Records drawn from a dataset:
================================

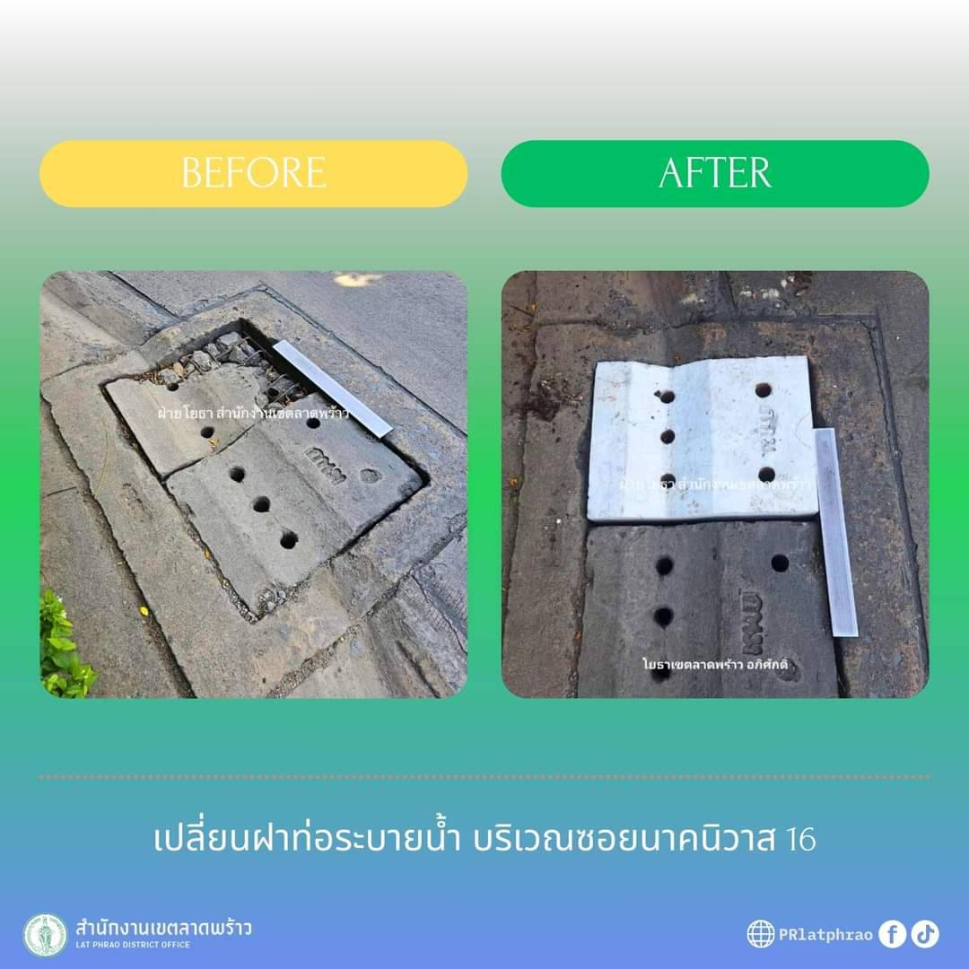 เขตลาดพร้าวลงพื้นที่ซ่อมขอบบ่อ-เปลี่ยน ฝาท่อระบายน้ำในซอยนาคนิวาส16
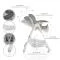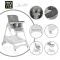 Столче за хранене, предназначено за деца на възраст над 6 месеца и с тегло по-малко от 15кг, които могат стабилно и самостоятелно да остават в седнало положение; Втора, цветна табла за хранене; 3 позиции за регулиране на таблата за хранене, според ръста на детето; 5-точков предпазен колан; 7 позиции на височина; 3 позиции за накланяне на облегалката; Регулируема поставка за крачета с 4 позиции на наклон и 3 позиции на височина; Кожена седалка, лесна за почистване.
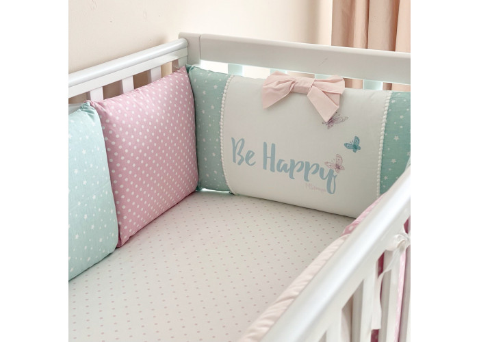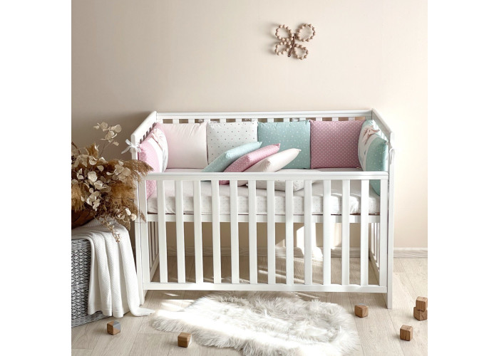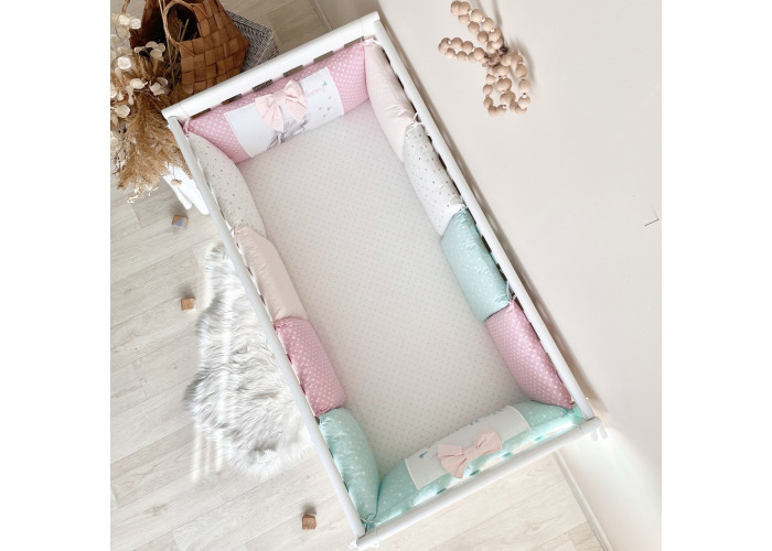Комплект: бортики из 10-ти подушек и простыня на резинке.
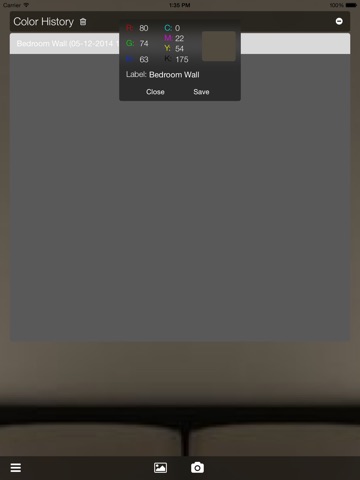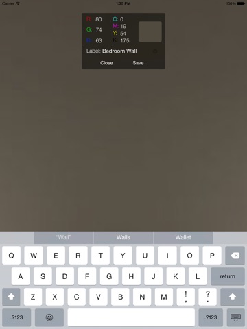 Shade can easily help you with that, simply take a picture of the wall, name it so you will remember what the color is of, bring your iDevice with you to the store, bring up the Color History, tap on your color, and start matching!
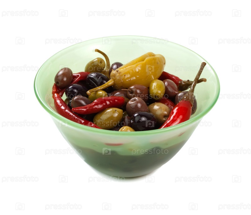 Чаша с оливками и острым перцем на белом фоне
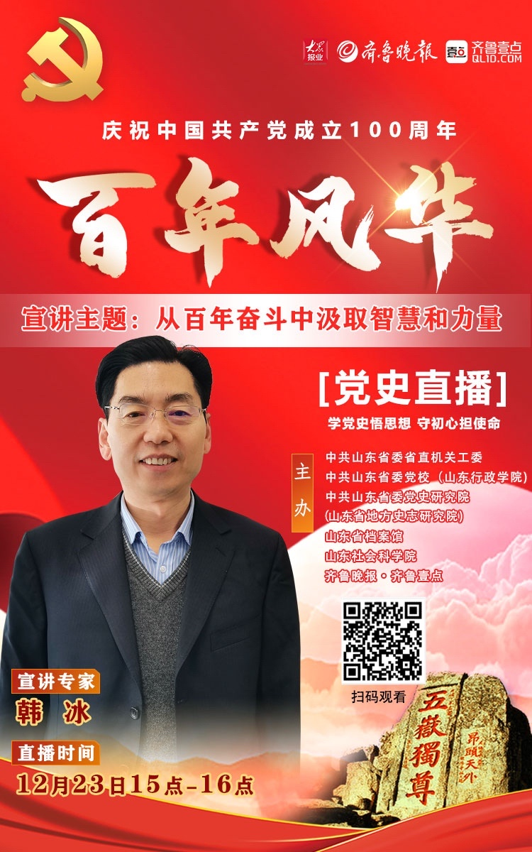 海报|韩冰:从百年奋斗中汲取智慧和力量 云端党课 2021-12-23 1791 学党史悟思想,守初心担使命。中共山东省委省直机关工委、中共山东省委党校、中共山东省委党史研究院(山东省地方史志研究院)、山东省档案馆、山东社会科学院与齐鲁晚报·齐鲁壹点联合主办《“百年风华”党史直播》。第22期直播嘉宾韩冰:从百年奋斗中汲取智慧和力量 责任编辑:李和晴
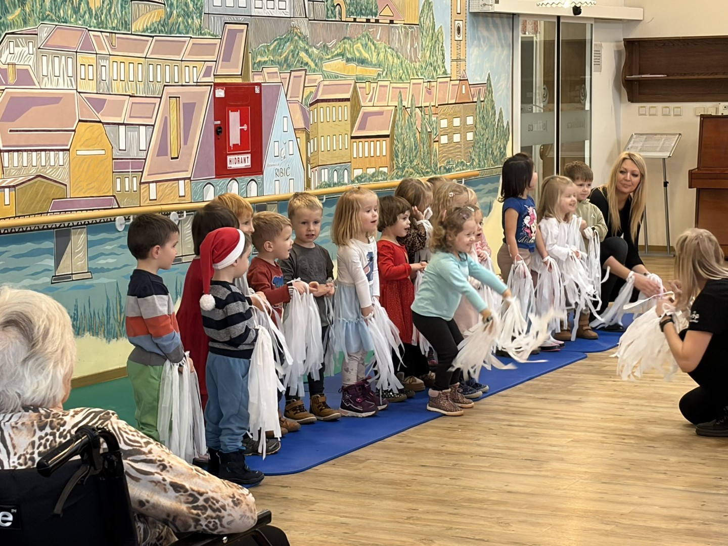 V petkovem dopoldnevu so nam otroci iz vrtca Spominčica polepšali dan s čudovitimi nastopi. Z veselimi pesmicami in plesom so nam pričarali praznično vzdušje ter na obraze privabili številne nasmehe.
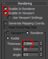 5)enable in renderer에 체크하면 뷰포트를 렌더링했을때 스플라인을 3D 메시로 표시합니다.
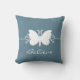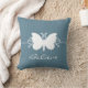 Sweet and simple Butterfly Swirls Mojo Pillow in blue featuring a lovely butterfly silhouette and swirl border. This lovely cushion may be customized with the personalized text of your choosing. This pretty butterfly pillow is girly and stylish and would make a lovely touch to any decor! Click on the "Customize It" button to find additional personalization options.
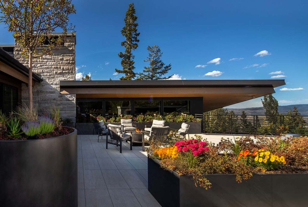 The top level has a vibrant rooftop garden. The planters are aligned by the clerestory windows we viewed in the great room. Nearby on this level is the home office, and further down the hall are two guest suites.
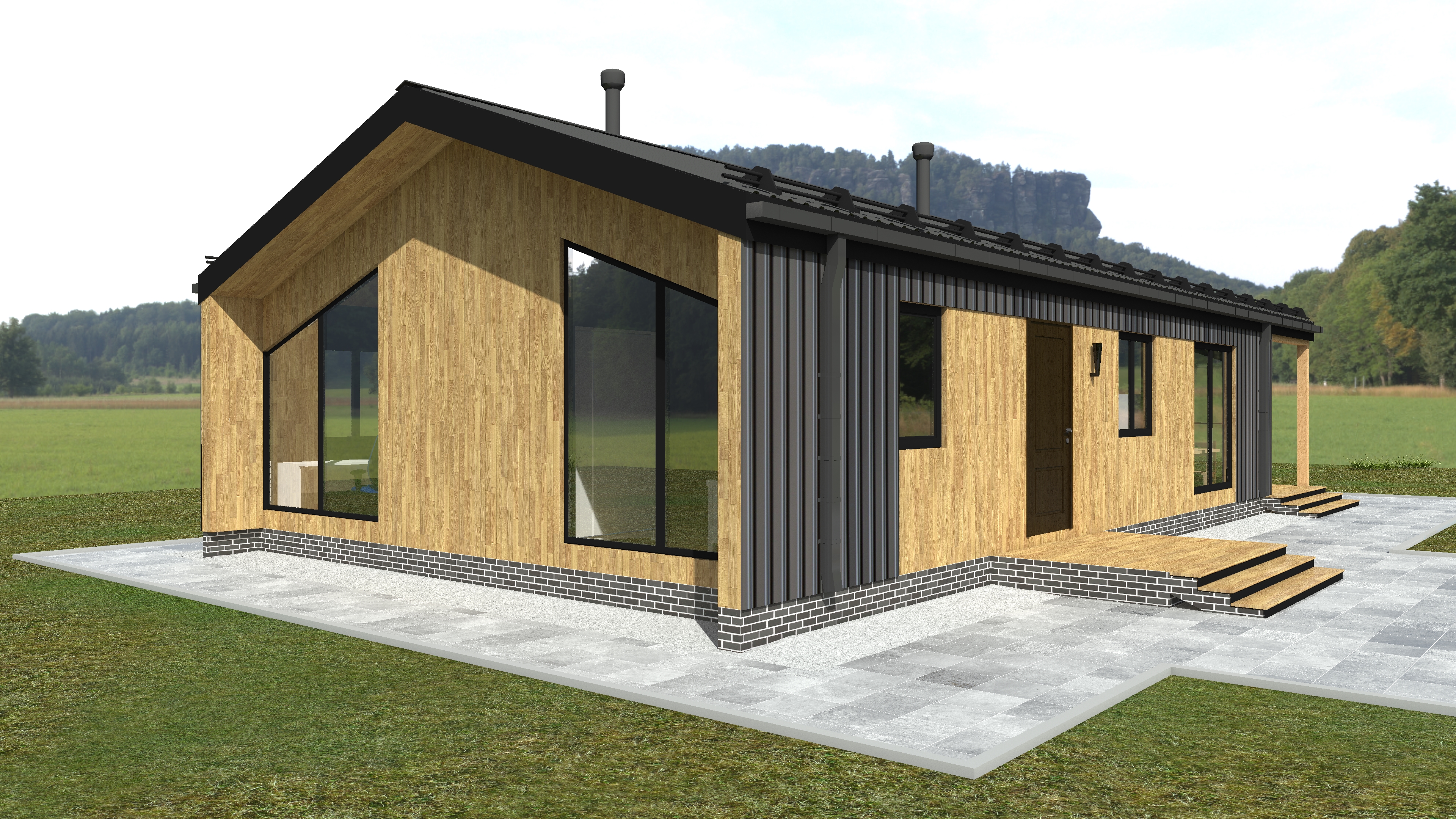 Одноэтажный дом в стиле барнхаус, выполненный по каркасной технологии
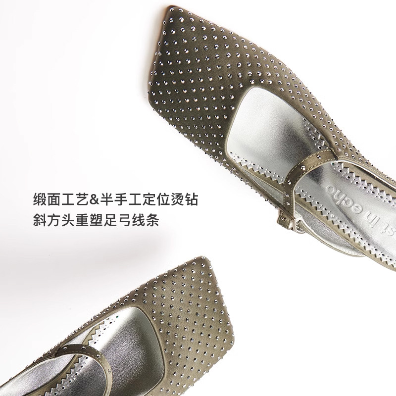 斜方头坡跟穆勒拖鞋 缎面材质手工烫钻
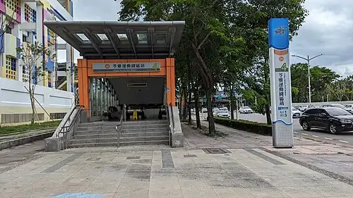 The station is a two-level, underground station with an island platform and four exits.[2] The station is 201 meters long and is located on Jhongjheng 1st Rd across from Martial Art Stadium, other sporting facilities nearby include the Olympic Pool, Sports Stadium and Extreme Sports Arena.[3]

================================

WHAT TO PRODUCE →
Starting at the line above that has "Чаша с оливками" and ending at the line that has "5)enable in renderer에", copy each line exactly, leaving the pictures out and adding nothing.

SOLUTION →
 Чаша с оливками и острым перцем на белом фоне
 海报|韩冰:从百年奋斗中汲取智慧和力量 云端党课 2021-12-23 1791 学党史悟思想,守初心担使命。中共山东省委省直机关工委、中共山东省委党校、中共山东省委党史研究院(山东省地方史志研究院)、山东省档案馆、山东社会科学院与齐鲁晚报·齐鲁壹点联合主办《“百年风华”党史直播》。第22期直播嘉宾韩冰:从百年奋斗中汲取智慧和力量 责任编辑:李和晴
 V petkovem dopoldnevu so nam otroci iz vrtca Spominčica polepšali dan s čudovitimi nastopi. Z veselimi pesmicami in plesom so nam pričarali praznično vzdušje ter na obraze privabili številne nasmehe.
 5)enable in renderer에 체크하면 뷰포트를 렌더링했을때 스플라인을 3D 메시로 표시합니다.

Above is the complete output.